The protagonist of this novel, Lucija, tells her story from this point of view, recalling everything that happened and what led up to her condition. During my research, I contacted the woman I’d read about in the article, and found that she was able to recover to a degree and has written about her struggle. Her name is Ivančica, and she was an extraordinary inspiration for me as well as an invaluable collocutor. She was also my most exacting critic and was pleased, in the end, with the book.
EEB: How has the novel been received in Croatia and elsewhere in the region?
IB: I think of Sons, Daughters as being a little different, because its basic color is compassion. My goal in writing it was to spur readers to shift their perspectives toward empathy: a perspective otherwise limited only to their way of seeing the world, their own experiences, and learned reflexes.

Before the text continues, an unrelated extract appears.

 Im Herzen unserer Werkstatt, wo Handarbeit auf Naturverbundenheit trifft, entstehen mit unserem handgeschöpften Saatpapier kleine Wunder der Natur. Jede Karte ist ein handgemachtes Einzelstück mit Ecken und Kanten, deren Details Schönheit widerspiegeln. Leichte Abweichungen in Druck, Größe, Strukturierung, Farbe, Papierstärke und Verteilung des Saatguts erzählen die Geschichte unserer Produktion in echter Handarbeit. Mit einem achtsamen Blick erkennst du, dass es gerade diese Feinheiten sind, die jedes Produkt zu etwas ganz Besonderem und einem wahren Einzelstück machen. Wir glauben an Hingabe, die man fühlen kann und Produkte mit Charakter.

My goal was to describe, in simple terms, a series of events through the three perspectives, and to bring together these three characters—the young, paralysed woman; the young man trapped in a body he doesn’t feel to be his; and the mother, broken and deformed by her cruel patriarchal upbringing—to show how we are shaped through our lives by our upbringing, by various degrees of locking-in, and a reduction to roles. I link the three perspectives into a single story in hopes that when readers finish reading the novel, paths will open up for them to think through things, to try to understand all three—the mother and daughter and daughter’s partner. I resisted judgment, even toward those who base their identity on judging anyone who is different from them; injury may be the reason behind such hatred of others and any sense of being threatened—not always, but often.

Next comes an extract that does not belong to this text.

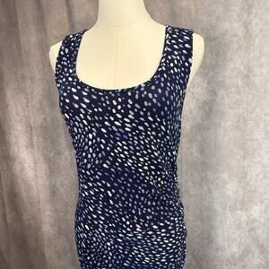 Keywords: Torrid maxi dress, Torrid size 1, Torrid Super Soft knit dress, plus size dress 14 16, navy blue sleeveless dress, ruched side dress, abstract print maxi

The novel has been very warmly received among readers despite the topic, which may seem controversial at first glance.
EEB: How has Sons, Daughters been received in the Italian translation?
IB: I was thrilled by the Italian reception. The book launch in Mantua was a huge surprise. Several hundred readers came, and there were many glowing reviews. And furthermore, the novel was a finalist for the Premio Europeo Rapallo BPER Banca 2023, alongside women writers such as Annie Ernaux, Ameli Nothomb, Catherine Dunne, and others. Of course, this is thanks in large part to the remarkable translation by Estera Miočić, as well as the efforts of the Sellerio publishing house, staffed by exceptional people who read broadly and truly love books, and welcome their authors as if they’re members of the family. I can say that while in Italy, I actually began to feel like a writer.

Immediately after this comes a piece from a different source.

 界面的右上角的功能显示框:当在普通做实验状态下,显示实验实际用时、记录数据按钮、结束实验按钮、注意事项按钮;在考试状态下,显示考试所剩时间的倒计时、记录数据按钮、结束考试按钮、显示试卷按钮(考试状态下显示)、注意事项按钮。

Ivana Bodrožić was born in Vukovar in 1982 where she lived until the Yugoslav wars started in 1991. She then moved to Kumrovec where she stayed with her family at a hotel for displaced persons. In 2005, she published her first poetry collection, entitled Prvi korak u tamu (The First Step into Darkness). Her first novel Hotel Zagorje (Hotel Tito) was published in 2010, receiving high praise from both critics and audiences and becoming a Croatian bestseller. She has since published her second poetry collection Prijelaz za divlje životinje (A Crossing for Wild Animals) and a short story collection 100% pamuk (100% Cotton), which has also won a regional award. Her most recent novel, the political thriller We Trade Our Night For Someone Else’s Day, has sparked controversy and curiosity among Croatian readers.
Ellen Elias-Bursać has been translating novels, plays, and non-fiction by Bosnian, Croatian, and Serbian writers since the 1980s, including writing by David Albahari, Ivana Bodrožić, Daša Drndić, Saša Ilić, Olja Knežević, Igor Štiks, Espi Tomičić, Dubravka Ugrešić, and Karim Zaimović. ALTA’s National Translation Award was given to her translation of Albahari’s novel Götz and Meyer (Gec i Majer; Harvill, 2004) in 2006. After several years of working at the International Criminal Tribunal for the former Yugoslavia, she wrote the book Translating Evidence and Interpreting Testimony at a War Crimes Tribunal: Working in a Tug of War (Palgrave Macmillan, 2015). She was given the Mary Zirin Prize by the Association of Women in Slavic Studies in 2015 for her work as a scholar and translator. She is a past president of the American Literary Translators Association.